Consumer Lag Monitoring

@Scheduled(fixedRate = 60_000)
public void monitorConsumerLag() {
    Map<TopicPartition, Long> endOffsets = consumer.endOffsets(
        consumer.assignment());
    Map<TopicPartition, OffsetAndMetadata> committed =
        consumer.committed(consumer.assignment());

    for (var partition : endOffsets.keySet()) {
        long endOffset = endOffsets.get(partition);
        long committedOffset = committed.containsKey(partition)
            ? committed.get(partition).offset()
            : 0;
        long lag = endOffset - committedOffset;

        emitMetric("cdc.consumer.lag", lag, partition.toString());

        if (lag > 10_000) {
            emitAlert("CDC consumer lag exceeded 10,000 for partition "
                + partition);
        }
    }
}

The Decision Rule

Use CDC over dual-write for any system where OpenSearch is a derived view of a relational database. The operational complexity of CDC (Kafka, Debezium, consumer) is lower than the data consistency bugs of dual-write.

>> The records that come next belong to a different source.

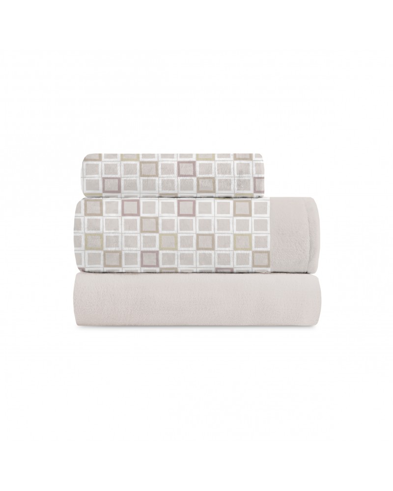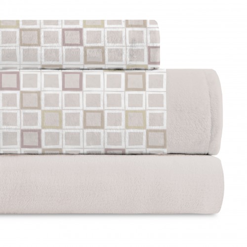 Juego sábanas invierno coralina cuadrados beige - Velvet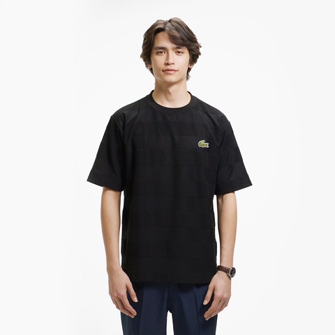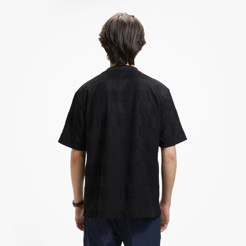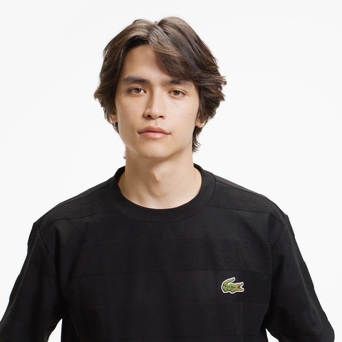 同色のパイル地切り替えでボーダーを表現したTシャツ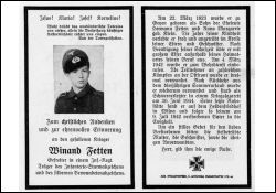 Gefallener 2. Weltkrieg; Eltern: Hermann Fetten u. Anna Margarete geb. Klein; 4.3.1942 Einberufung; viermal verwundet; Heldenfriedhof in Wilna; Vater † 9.7.1942 |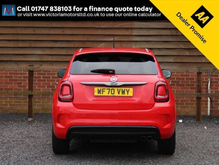 ***FOR VIEWINGS AND TEST DRIVES CALL US ON 01747 838103 TO BOOK AN APPOINTMENT***Stunning looking 500X Sport fitted with Fiat's 1.0 turbo petrol engine producing impressive power of 118 BHP and great fuel economy finished in red with sports exterior body styling, equipment including half leather and suede seats, sports steering wheel with suede speedo lid, rear parking camera, touch screen media unit with satellite navigation, DAB radio and media connections, apple car play where you can mirror the apps from your phone on the cars media screen including Google maps and Spotify, parking aid, bluetooth, auto air conditioning, cruise control, auto lights, alloy wheels and more, 1 owner, 25000 miles, service history, high up driving position with easy access in and out of the cockpit***PART EXCHANGE AVAILABLE***USE THE FINANCE CALCULATOR ON OUR WEBSITE [Website URL removed] AND QUOTE YOURSELF A MONTHLY PAYMENT FIGURE TODAY WITH ZERO DEPOSITS AVAILABLE***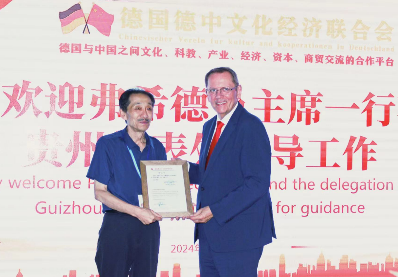 德中联合会弗希德曼主席为贵州代表处颁发聘任书,郑鲁平先生担任德国德中文化经济联合会贵州代表处主任,祁登强先生担任贵州代表处秘书长。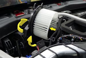 Install the screws (x3) that attach the HVAC blower motor to the HVAC assembly.

Always use explicit document IDs derived from the natural key (slug, primary key) to achieve idempotent indexing. At-least-once delivery from Kafka means messages will be redelivered after consumer failures. Idempotent indexing makes redelivery harmless.

Monitor consumer lag as the primary health metric for the CDC pipeline. Lag above 10,000 events means the search index is meaningfully behind the database. Lag above 100,000 means users are searching stale data.